When the calculations are complete, Analytics Explorer opens on the Model Analysis tab. This tab has 2 charts:

Prediction Correlation—shows the correlation between the original data and the predicted data.
Importance per Variable—shows the importance of each input variable in the building of the model.

Input Distributions

Displays a histogram for each input variable showing the number of rows of input data for each value in the variable.

Predicted Optimal Input Summary

Displays a box chart of each input column showing key statistical measures, the Q1, median, and Q3 values. the actual values are listed below each chart.

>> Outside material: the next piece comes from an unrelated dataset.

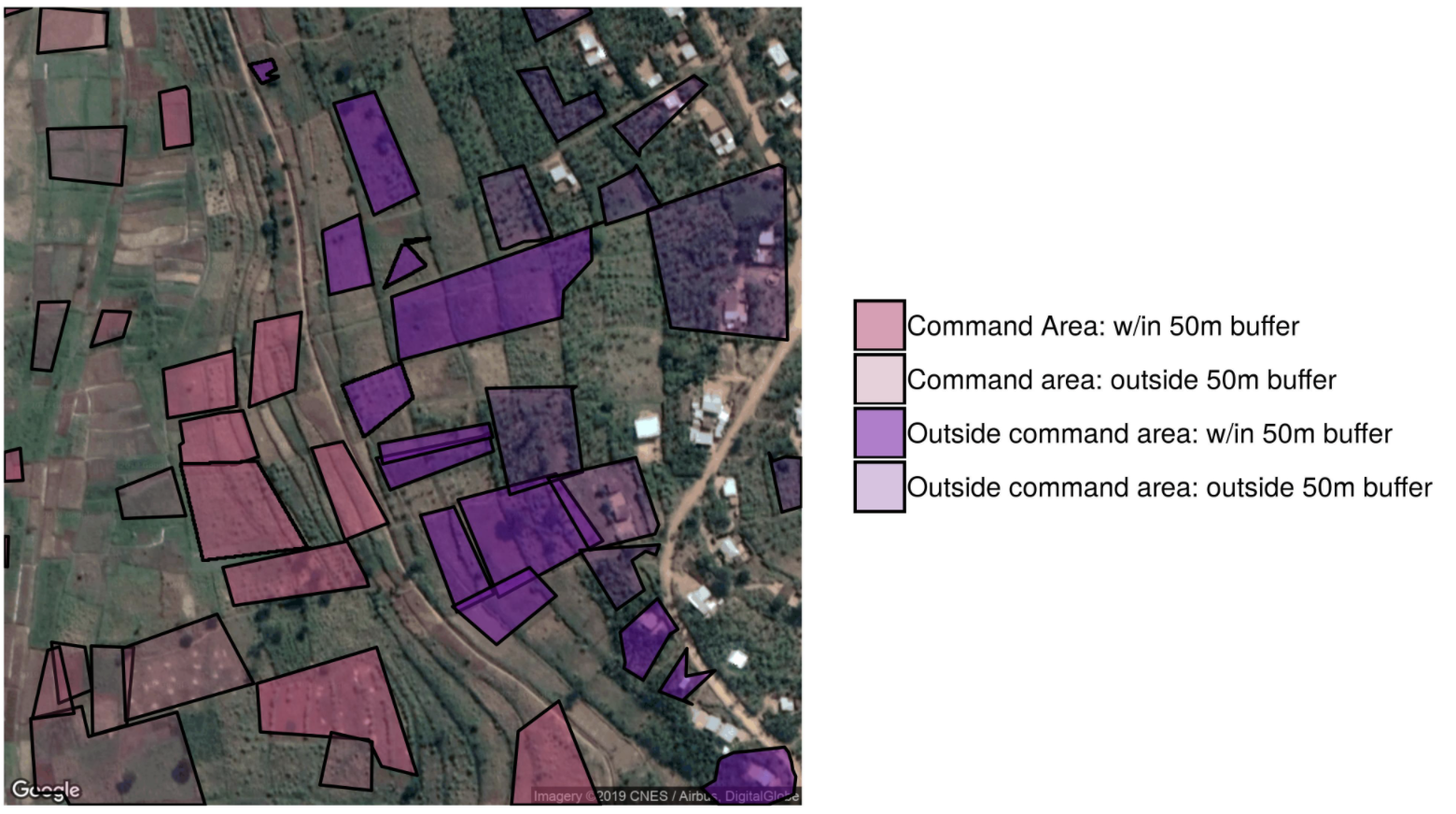 上述两个例子都显示了空间断点回归设计。湖南湖北的断点是通过洞庭湖分割,在湖南湖北越靠近省界的区域,湖南话湖北话存在差异,我们可以假设人均收入差异都是由于湖南话和湖北话导致的。而图9.8中,水渠的断点是由于坡度区分了两块:粉色区域和紫色区域。粉色区域高度低于水渠,所以可以得到灌溉,而紫色区域由于在水渠上方,所以不能获得灌溉。实践中,我们关注于水渠两侧较近的距离内(例如,50米以内的灌溉区域)。越接近的灌溉区,其唯一的差异就是是否可以获得灌溉水,因此,我们可以假设农业产出的任何差异都只是由于是否获得灌溉导致的。这就是空间断点回归。

Note that each template produces its own visualizations tailored to specific workflows. Online resources and templates include the following:

Predicted Optimal Input Distributions

The idea behind the predicted optimal distributions is that you select an output column that you wish to maximize (Crude output over a well’s first 12 months, for example). If you choose to perform the feature analysis, the algorithm gives you a numeric range (on the boxplot) and visual distributions for each important variable (defined as being inside the top 90% total importance). These distributions show the predicted values that will lead to the highest output values for the selected label column.

The numeric range is obviously useful at a glance, but the distributions help show how strong the relationship is. The tighter the distribution, the smaller the confidence interval, and the more sure that you can be that those values will produce high output values. If the distribution is very wide or is multi-modal, then the underlying relationship might not be as strong.